Romance is overrated. Love songs? Passé. Rather than scour the 318 for a soul mate, this year I gave up what many find to be a seasonal search.I refuse to worry about disappointment from previous Valentine’s Days. I am not emotionally preparing for an estrogen fest with my girls as we swap Sweethearts candy, ignore balloons and wait for everyone’s roses to die.
My official valentine is unexpected. He is a wee bit skinnier than usual. The bird chest is definitely in the building. He is missing facial hair and probably needs a haircut.
He’s pure testosterone with a knack for severe trash talk. He is hyper. Impulsive. Brilliant.
His name is Kalif Hassan and he is my youngest brother.
I do have a 16 year old, 6’4 brother (Malik Shabazz), who typically leaves females awestricken and/or giggly. He’s a scholar athlete, who will receive an I.B. diploma. He has more acceptance letters than I have dreadlocks, but I have already given him his due via spoken word.
This year it’s about Kalif Hassan, the kid who is a kindred spirit with everyone from the overweight Asian kid on his basketball team to bootlegging brothas in the barbershop.
Kalif has always been my supporter. He befriended my prior Valentine. Kalif chatted amicably with the then “boyfriend” who I spent a sizable portion of my part time check on and for whom I dedicated an intense amount of concentration over the kitchen table creating a heartfelt masterpiece.
That dude snatched the cutesy bag, plucked away at tissue paper, sniffed, munched and reveled in his gifts, before handing me an unwrapped Starbucks gift card with a sheepish expression.
This year’s Valentine can’t disappoint.
My youngest brother is the family fire. He is the self appointed sexiest member of the flock and crops the rest of us out of photographs accordingly. His name is actually Arabic for “handsome prince.” Neighborhood girls shout their numbers when he plays ball at the park.
Teachers attempt to suspend or otherwise discipline him because in light of Obama many still can’t fathom the likelihood of a tall, black jock who happens to be a looker and statistically beast mode their diagnostic assessments.

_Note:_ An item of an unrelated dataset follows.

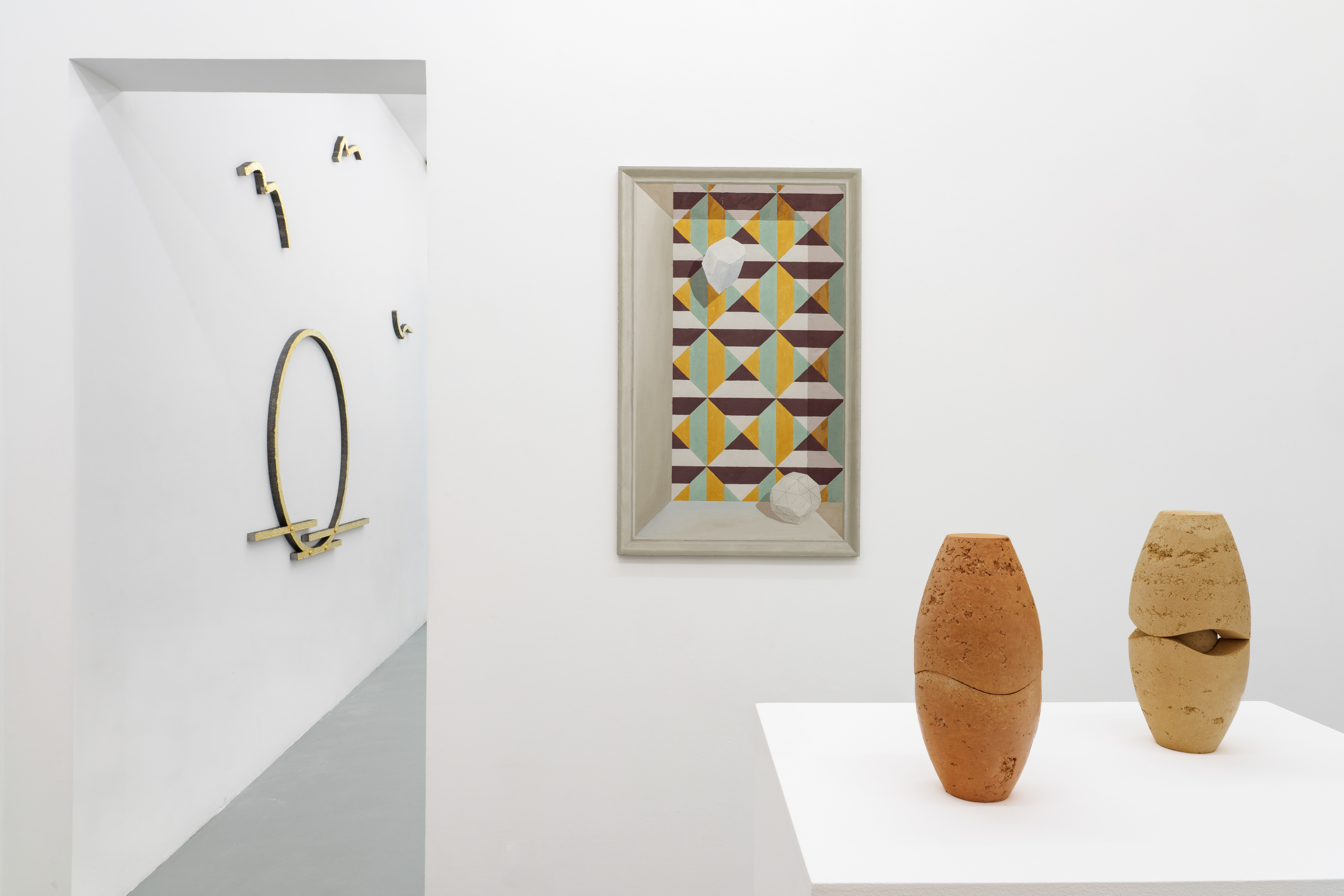 de gauche à droite, deux sculptures de amàco, Carole Calvez et Vincent Le Bourdon / elementos, une oeuvre de Sophie Whettnall, une oeuvre de Vincent Le Bourdon / elementos et Lucie Ponard
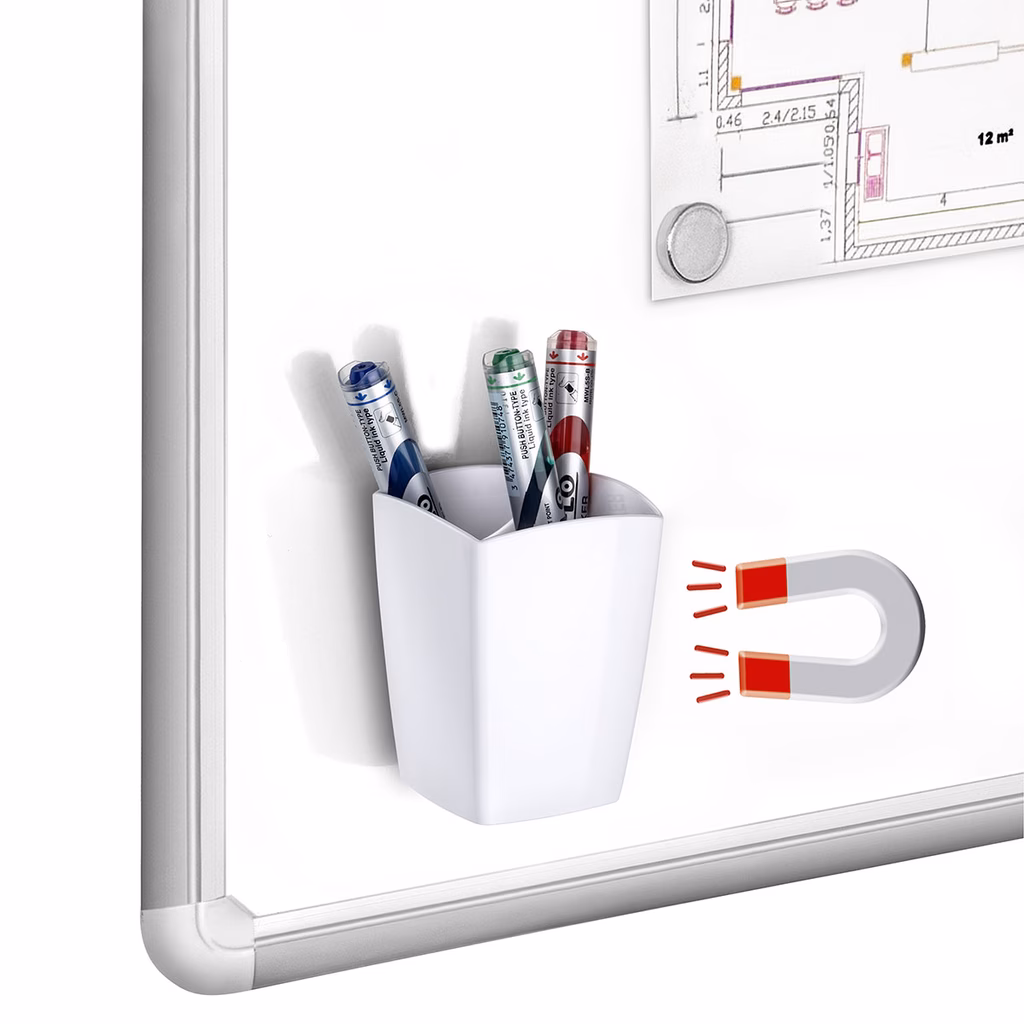 Realizzato in robusto polistirene antiurto riciclabile. Applicabile direttamente sulle lavagne magnetiche. Due compartimenti, capacità totale 10 marcatori per lavagne. Garanzia 5 anni.

He was born loyal. As a perfect looking six pound mound of raven curls and dimples, he was destined for sincerity.
He stuck by me.
When I dyed my hair yellow, wore too much eyeliner, ditched my easiest class to write poems in the theatre dressing room, grieved my grandfather’s death by challenging my mother and otherwise went postal my sophomore year of high school, he was there.
At seven and a half years my junior he often seemed my least likely ally, but was down for my causes. He gave me space to act a fool. I stomped through the house, muttered profanity and bawled until my face channeled tomato paste. I listened to Shyne, Daddy Yankee, Dipset and fancied myself pretty gangster when I snuck and checked my myspace on my dad’s computer.
In short, sometimes I was a hot mess.
And Kalif, wise beyond his years, had the most patience with me. Old soul Malik avoided me in favor of less controversial aspects of life, like neighborhood football and sandwiches.
Everyone had their grooves.
Even my beautiful blob of a baby sister cohesively added to the family. She was the green eyed, tawny love sponge- a representation of levity and wonder in the world when I felt like a leper.
I spent much of age fifteen hidden in my room.
Kalif endlessly knocked on my door, waited, allowed me to respond with guttural “whadddyaawant”s, and peeked his honest face inside as he whispered “I just want to talk.”
He slid into the room, plopped onto the paisley bedspread, crossed gray ankles and proceeded as my psychiatrist. As I ranted, he listened, responded accordingly and told me he loved me.
Then he would peace out.
I never forgot those talks. Nor did I forget how much stress his company alleviated.
So now when he needs to talk or needs to know that someone else out there adores him, minus all the sexy stuff, I’m here. That is that nature of true families, friendships, Valentines and love.